Note that **A** and **C** can be matrix-multiplied, because the column type of **A** and the row type of **C** are identical (`Industries`). The result is a `Products`-by-`Products` matrix.

```
matrixproduct_byname(A, C)
#> p1 p2
#> p1 7 15
#> p2 10 22
#> attr(,"rowtype")
#> [1] "Products"
#> attr(,"coltype")
#> [1] "Products"
```

However, **A** and **B** cannot be matrix-multiplied, because the column type of **A** (`Industries`) and the row type of **B** (`Products`) are different.

```
tryCatch(matrixproduct_byname(A, B), error = function(err){print(err)})
#> <simpleError in organize_args(a, b, fill = 0, match_type = match_type): coltype(a) != rowtype(b): Industries != Products.>
```

Analysts are encouraged to set row and column types on matrices, thereby taking advantage of `matsbyname`’s type-tracking feature to improve their matrix-based analyses.

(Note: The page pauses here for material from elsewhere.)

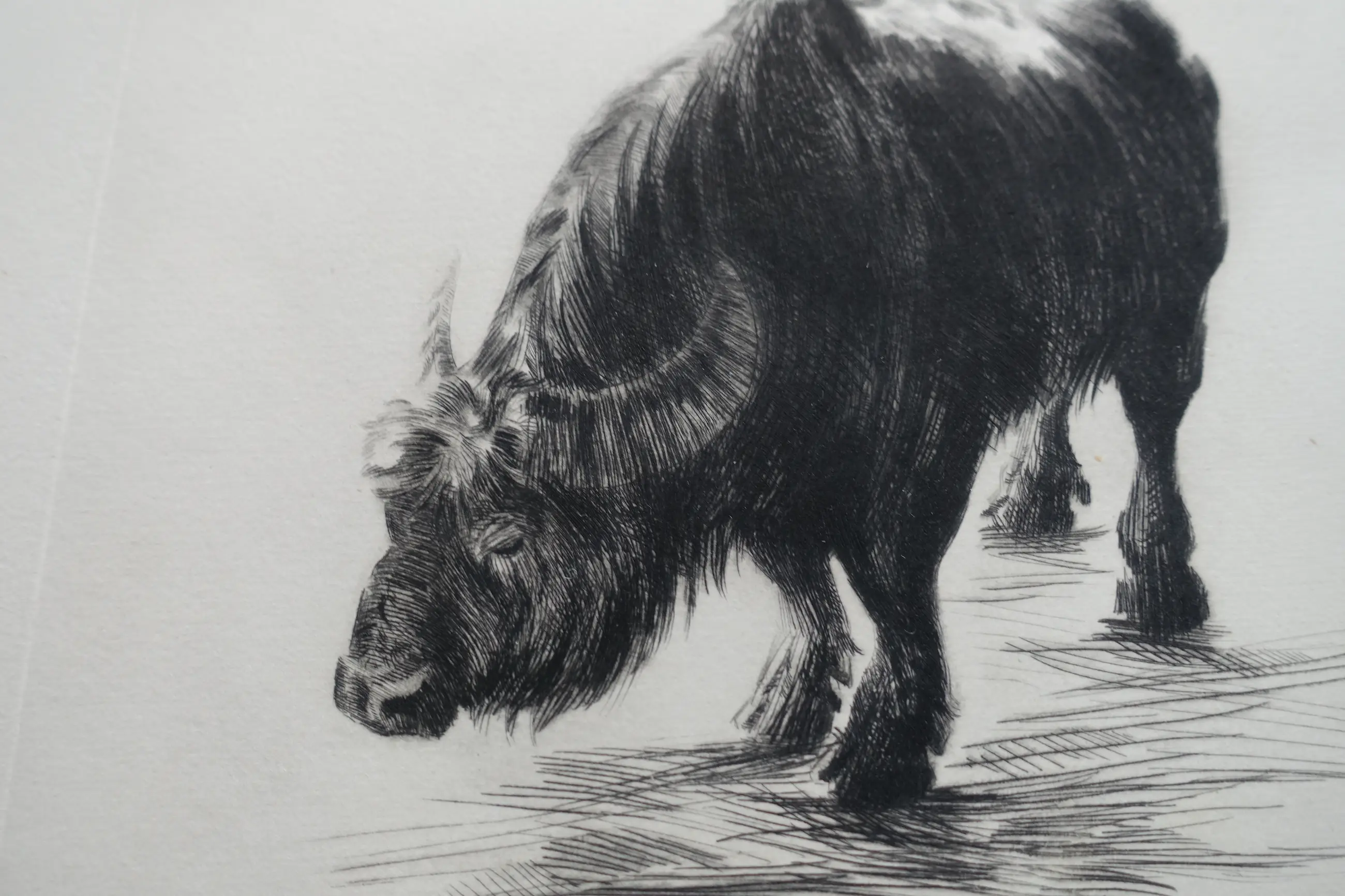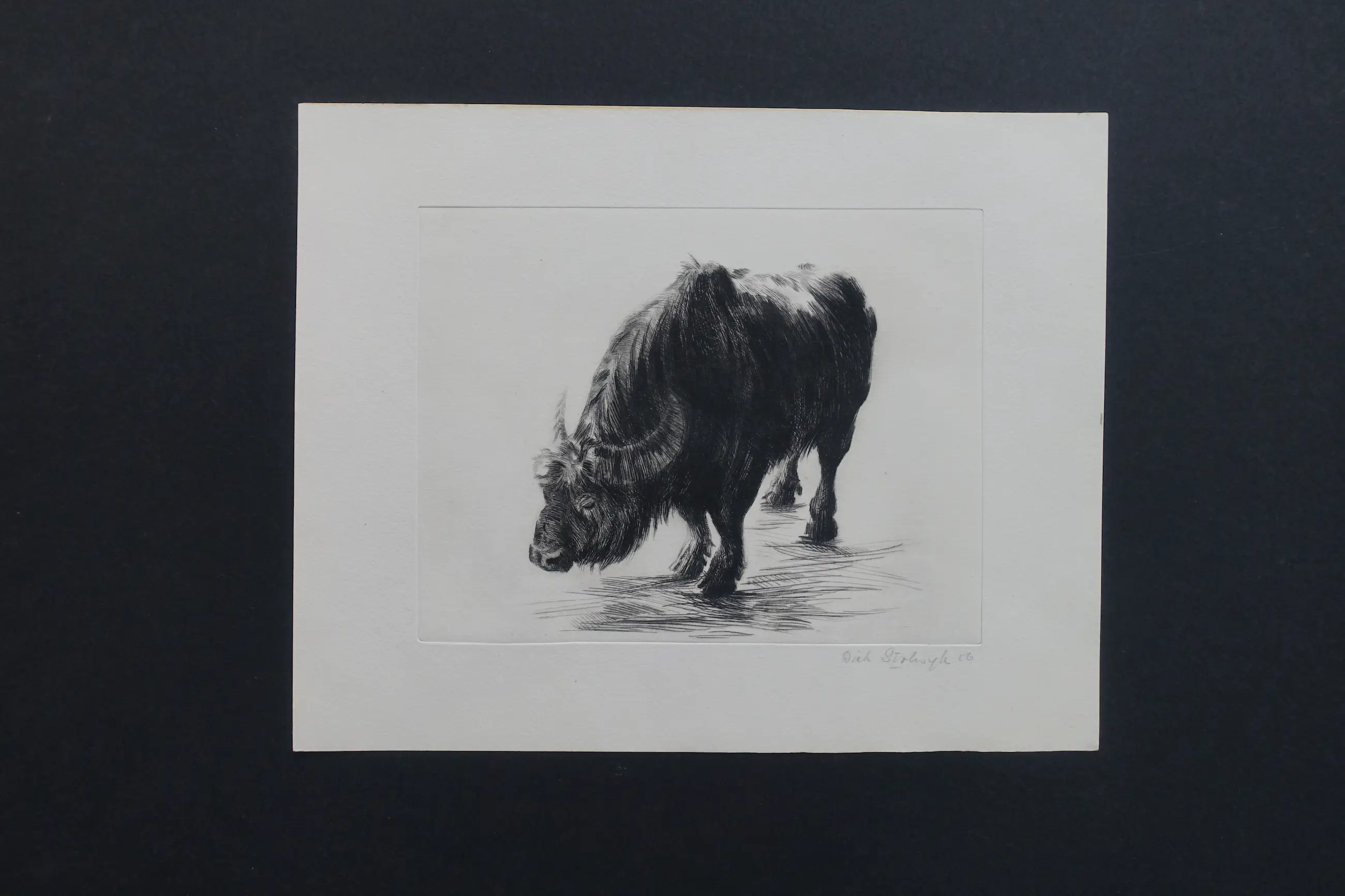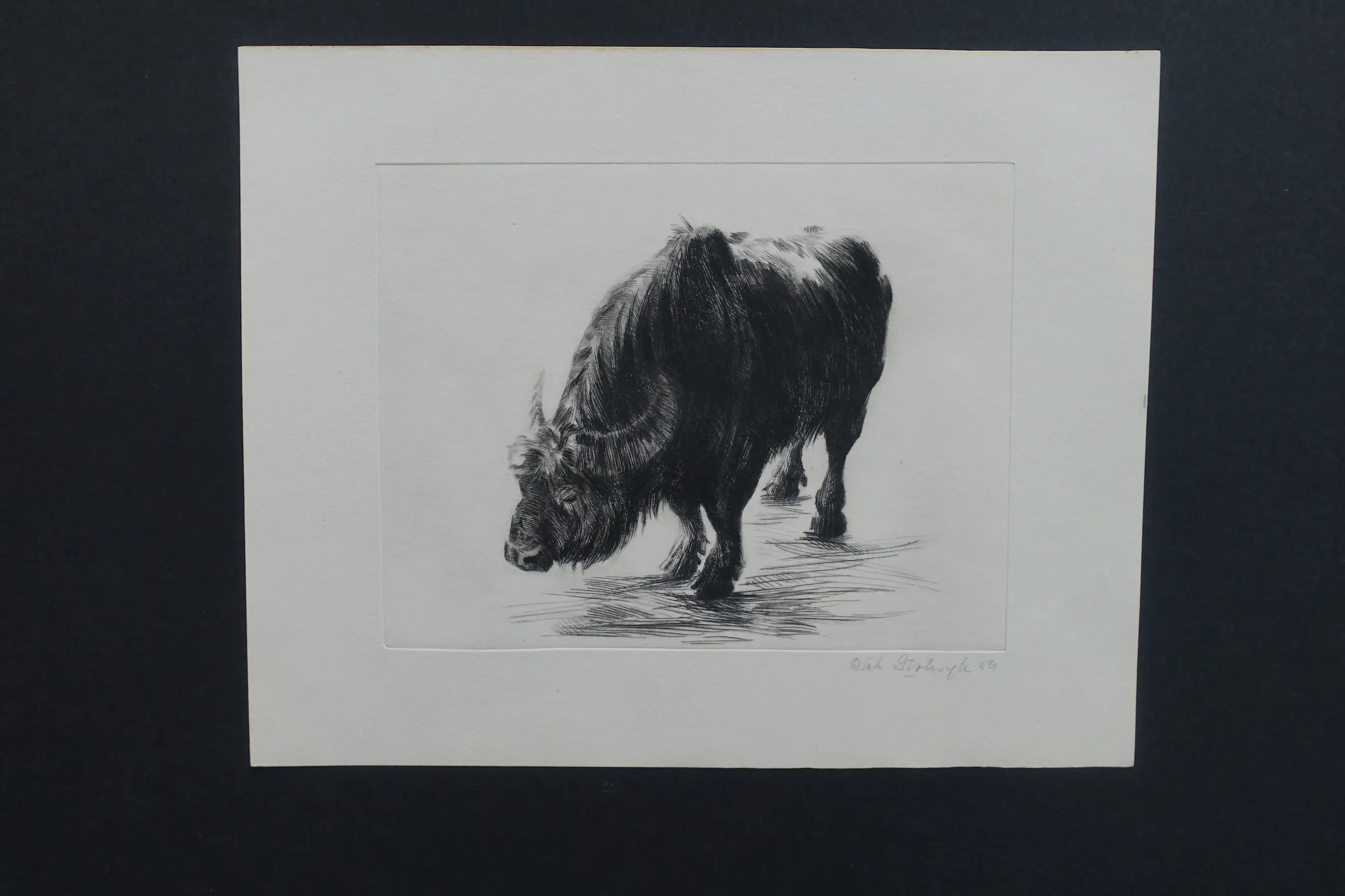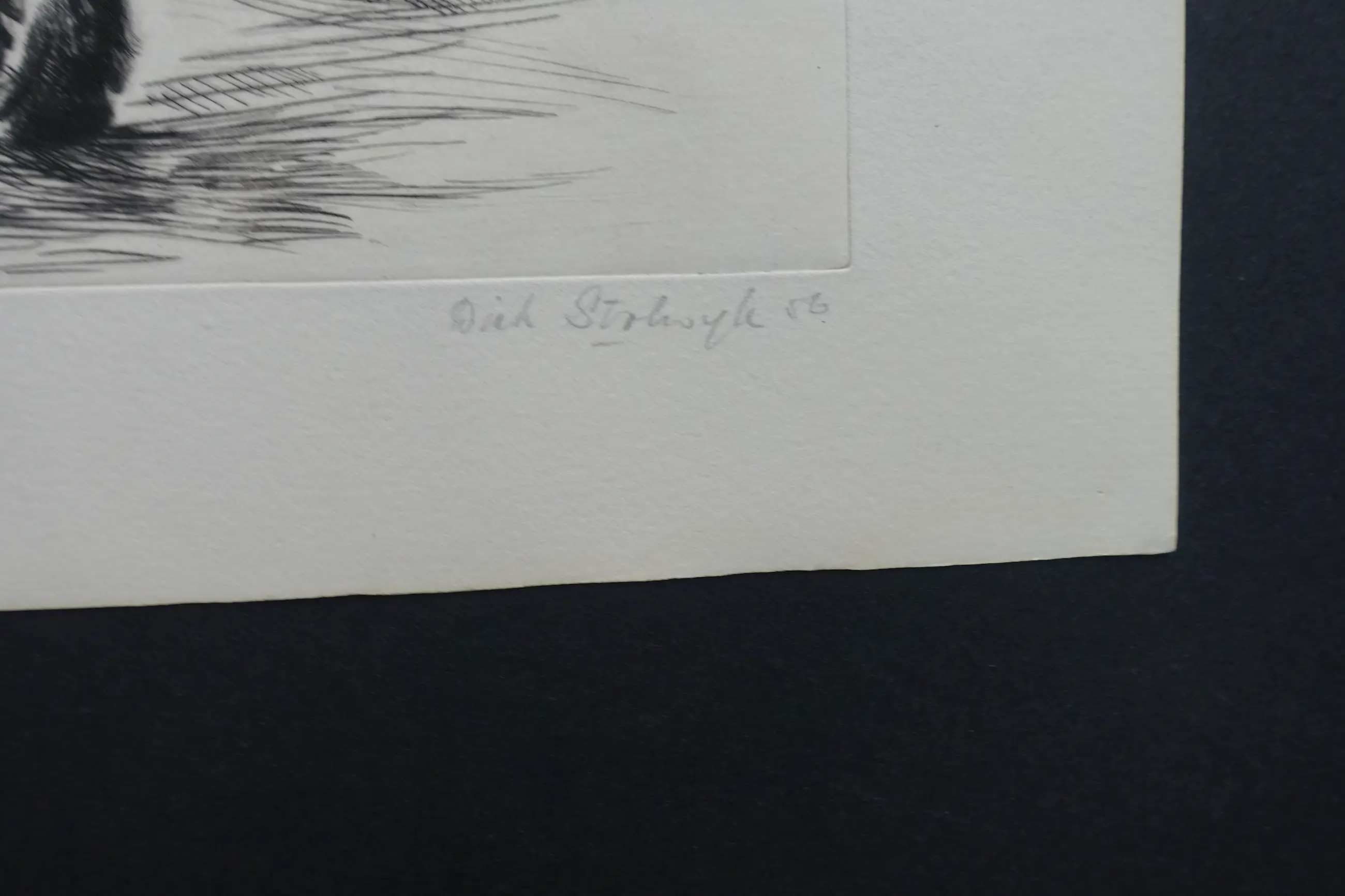 In zeer goede staat verkerende ets van Dick Stolwijk. Gesigneerd en gedateerd ( 1956) met potlood. Beeldformaat 16.5 x 21.5 cm. Formaat van het blad is 24.5 x 31 cm.

Another feature of the `matsbyname` package is that it works when arguments to functions are lists of matrices, returning lists as appropriate.

```
sum_byname(A, list(B, B))
#> [[1]]
#> i1 i2
#> p1 9 9
#> p2 9 9
#> attr(,"rowtype")
#> [1] "Products"
#> attr(,"coltype")
#> [1] "Industries"
#>
#> [[2]]
#> i1 i2
#> p1 9 9
#> p2 9 9
#> attr(,"rowtype")
#> [1] "Products"
#> attr(,"coltype")
#> [1] "Industries"
hadamardproduct_byname(list(A, A), B)
#> [[1]]
#> i1 i2
#> p1 8 18
#> p2 14 20
#> attr(,"rowtype")
#> [1] "Products"
#> attr(,"coltype")
#> [1] "Industries"
#>
#> [[2]]
#> i1 i2
#> p1 8 18
#> p2 14 20
#> attr(,"rowtype")
#> [1] "Products"
#> attr(,"coltype")
#> [1] "Industries"
matrixproduct_byname(list(A, A), list(C, C))
#> [[1]]
#> p1 p2
#> p1 7 15
#> p2 10 22
#> attr(,"rowtype")
#> [1] "Products"
#> attr(,"coltype")
#> [1] "Products"
#>
#> [[2]]
#> p1 p2
#> p1 7 15
#> p2 10 22
#> attr(,"rowtype")
#> [1] "Products"
#> attr(,"coltype")
#> [1] "Products"
```

The `matsbyname` package simplifies analyses in which row and column names ought to be respected. It provides optional row and column types, thereby ensuring that only valid matrix operations are performed. Finally, `matsbyname` functions work equally well with lists to allow use of `*_byname` functions with `tidyr` and `dplyr` approaches to manipulating data.